ISLAMABAD: Pakistan has urged international partners to scale up concessional financing for developing countries, the country’s Press Information Department (PID) said on Sunday, citing an aide to Prime Minister Shehbaz Sharif.

The call was made by Sharif’s coordinator on climate change, Romina Khurshid Alam, while delivering Pakistan’s national statement at the 16th International Renewable Energy Agency (IRENA) Assembly in Abu Dhabi.

Pakistan has emerged as one of the world’s fastest growing solar markets, with 12 gigawatts (GWs) of off-grid and over 6GWs of net-metered solar capacity by the end of 2025. Last fiscal year, renewables accounted for a historic 53 percent of total electricity generation, according to Alam.

The prime minister’s aide stressed that affordable funding for developing nations is critical to accelerating their transition to clean energy and strengthening energy security amid rising climate and economic challenges.

“Alam reaffirmed Pakistan’s target of achieving 60 percent renewables in the power mix by 2030,” the PID said in a statement.

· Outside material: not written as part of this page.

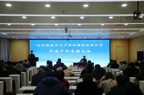 本網(wǎng)訊    為深入落實(shí)集團(tuán)公司“一主兩翼”發(fā)展戰(zhàn)略,進(jìn)一步完善集團(tuán)公司體制機(jī)制,凝聚干事動(dòng)力,激發(fā)創(chuàng)新活力,2022年1月5日,河北省農(nóng)資集團(tuán)公司在河北農(nóng)資大廈召開2022年度中層干部競(jìng)聘大會(huì)。集團(tuán)公司常務(wù)副總經(jīng)理馬朝輝主持會(huì)議,全體班子成員和職工參會(huì)。

“In her call to action, she urged IRENA and Member States to increase concessional finance for developing nations, treat technologies such as energy storage and green hydrogen as global public goods, and strengthen regional cooperation for shared energy security.”

IRENA is a global intergovernmental agency for energy transformation that serves as the principal platform for international cooperation, supports countries in their energy transition, and provides state of the art data and analyzes on technology, innovation, policy, finance and investment. Its membership comprises 170 countries and the European Union (EU).

The 16th session of the IRENA Assembly is taking place on Jan. 10-12 in Abu Dhabi and focuses on the theme of “Powering Humanity: Renewable Energy for Shared Prosperity.” The session has gathered global leaders and energy decision-makers to discuss strategies and underline necessary actions for the acceleration of renewable energy across countries, regions, and the world, driving economic inclusion, equity, and human well-being.

Alam shared that Pakistan is taking action against energy poverty through initiatives like the Punjab Solar Panel Scheme 2026, which provides free or subsidized systems to low-income households.

She highlighted how distributed solar kits have restored power and livelihoods in flood-affected communities and offer a replicable model for climate-resilient recovery.

“Pakistan remains fully committed to the Paris Agreement and looks to IRENA for continued technical and financial support in building a resilient, inclusive, and low-carbon future,” Alam said.

Adopted in 2015 to combat climate change, the Paris Agreement binds nations to hold “the increase in the global average temperature to well below 2°C above pre-industrial levels” and pursue efforts “to limit the temperature increase to 1.5°C above pre-industrial levels.”